YouJiacheng opened this issue · comments

After #9938
The document says:

For debugging it is useful to have a mechanism that disables jit() everywhere in a dynamic context. Note that this not only disables explicit uses of jit by the user, but will also remove any implicit JIT compilation used by the JAX library: this includes implicit JIT computation of body and cond functions passed to higher-level primitives like scan() and while_loop(), JIT used in implementations of jax.numpy functions, and any other case where jit is used within an API’s implementation.

However, when I worked for #9714 (comment), I found that there are jaxprs generated inside with jax.disable_jit():.
I checked the source of jax.lax.custom_linear_solve, and found it doesn't check config.jax_disable_jit.
jax.lax.custom_root has the same problem too.

Thanks for raising this.

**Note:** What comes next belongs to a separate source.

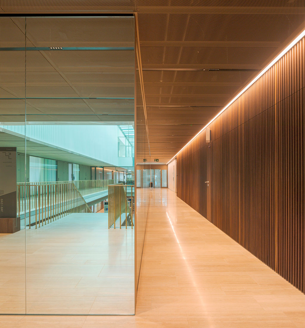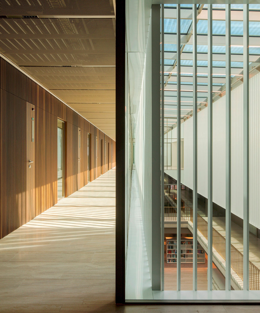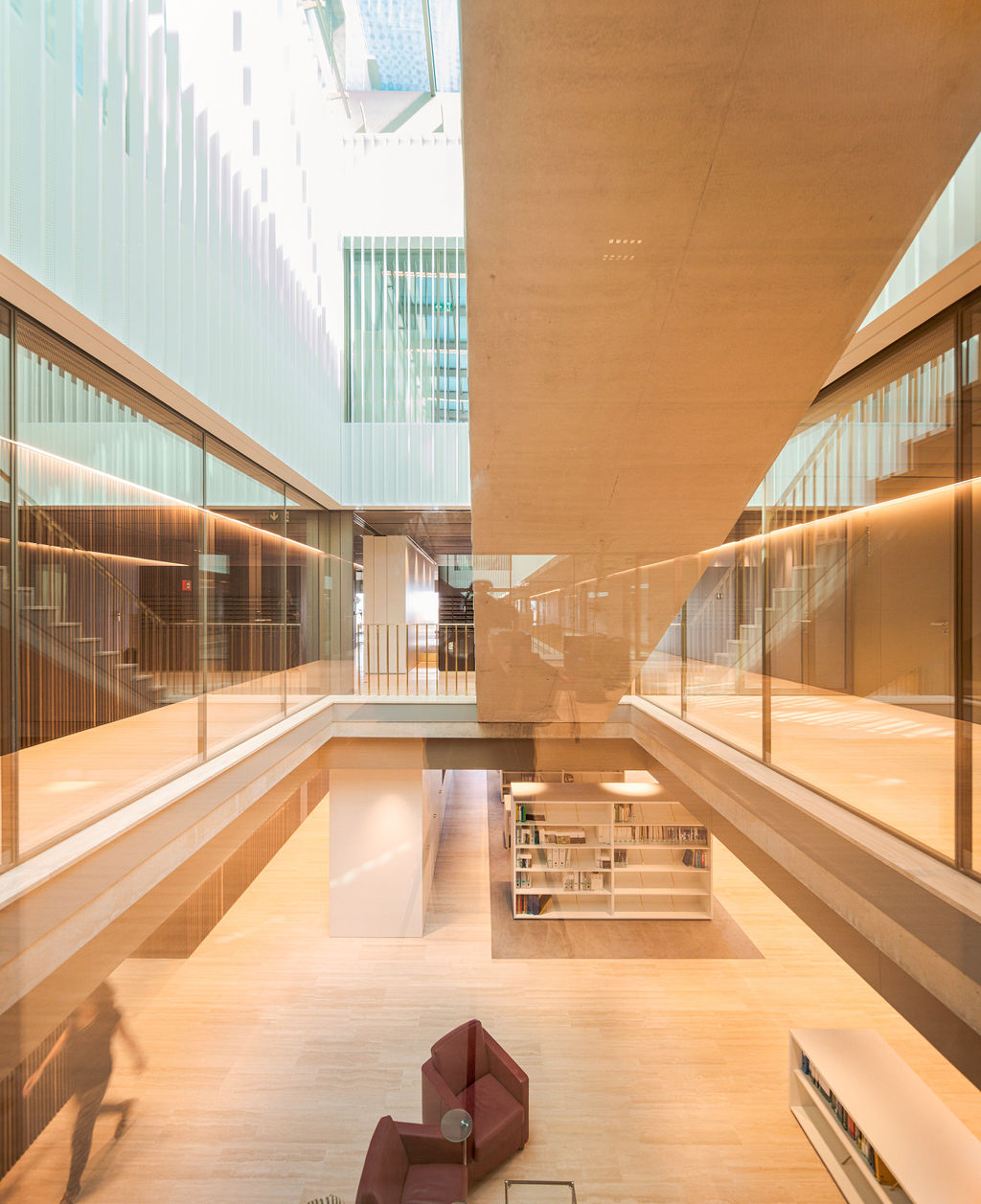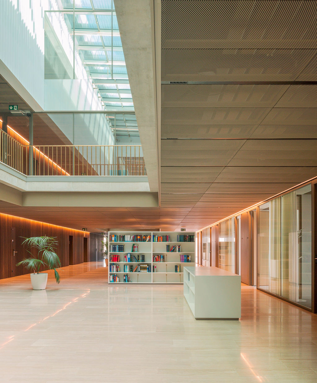 The central strip houses an atrium topped by a glass roof that brings natural light into the heart of the building. This central, integrating space connects and distributes the three levels. It houses staircases and meeting rooms, and on the first floor, the library and its consultation area.

Maybe the docs should say it disables jit in many (but not all) places. Then we can treat it as an enhancement to support this feature in more cases.

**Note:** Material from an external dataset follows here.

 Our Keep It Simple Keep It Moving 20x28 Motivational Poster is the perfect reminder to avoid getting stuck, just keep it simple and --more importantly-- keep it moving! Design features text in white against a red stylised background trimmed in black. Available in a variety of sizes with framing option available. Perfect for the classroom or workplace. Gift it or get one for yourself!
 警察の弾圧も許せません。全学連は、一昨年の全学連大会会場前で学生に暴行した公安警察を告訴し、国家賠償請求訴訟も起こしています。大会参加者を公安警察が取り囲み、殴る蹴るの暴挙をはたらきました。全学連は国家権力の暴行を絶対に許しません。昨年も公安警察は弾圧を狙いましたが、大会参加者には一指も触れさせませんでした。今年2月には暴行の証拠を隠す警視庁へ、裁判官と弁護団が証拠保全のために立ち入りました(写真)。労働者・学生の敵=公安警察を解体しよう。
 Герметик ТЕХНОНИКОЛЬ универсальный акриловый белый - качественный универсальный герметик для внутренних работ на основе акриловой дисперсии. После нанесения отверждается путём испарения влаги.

@shoyer does it make sense to make custom_linear_solve / custom_root sensitive to disable_jit?

@YouJiacheng jaxprs may still be generated even with disable_jit supported everywhere because we use them both for jit-style staging of computations as well as reverse-mode AD.

Thanks for reply.
I think at least we can print a INFO or WARN at which jit isn't disabled. Because jax.disable_jit is intended for debugging, adding some outputs seems reasonable.

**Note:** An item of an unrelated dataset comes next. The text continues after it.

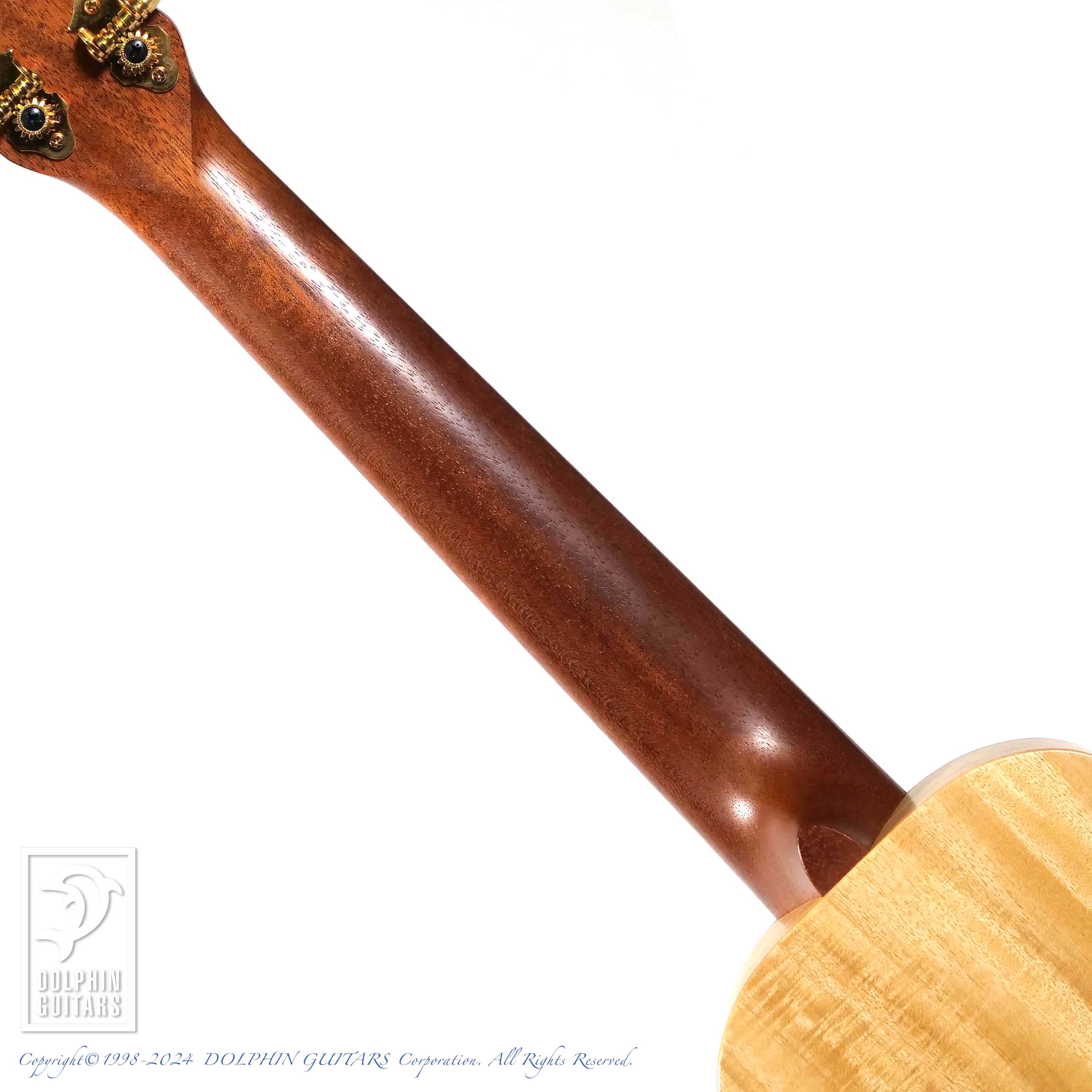 一般的なコンサートスケールながら、16Fでジョイントしており、ハイポジションの運指も楽々できます。それでいて違和感のないデザインバランスは秀逸です。

custom_linear_solve/custom_root trace to a JAXpr using the equivalent of jax.closure_convert. It isn't really tractable to evaluate JAXprs without JIT, because loops become extremely slow (way slower than pure Python).

It would be nice to rewrite these functions to avoid using closure conversion automatically, which would make them more flexible and make using disable JIT feasible. This might require tweaking the APIs slightly -- I haven't really thought about it yet.

@shoyer thanks for the input. Interesting about not doing closure conversion automatically; we could make them "final-style" primitives but that's pretty tricky.

@YouJiacheng you're right that we should at least log something rather than having silent surprising behavior.

If it's a helpful point of reference. Diffrax uses its own custom-jvp-through-root-finding code for nonlinear solves, as I didn't want the magic (and previously, bugs) of closure_convert-type behaviour. So this has an API that may serve as inspiration.

See here for the explicit commentary; more broadly the rest of the nonlinear_solver folder.

@patrick-kidger interesting, thanks for sharing! One important difference between your solver and lax.custom_root is that you calculate a full Jacobian and use jnp.linalg.solve, where lax.custom_root allows for a custom (possibly matrix-free) linear solver.

Absolutely. I'm not claiming that it's a perfectly equivalent API, just that it might make a useful point of reference as another take on this, in particular without closure_convert.
(FWIW I'll probably add support for other linear solvers at some point down the line, if/when that becomes necessary.)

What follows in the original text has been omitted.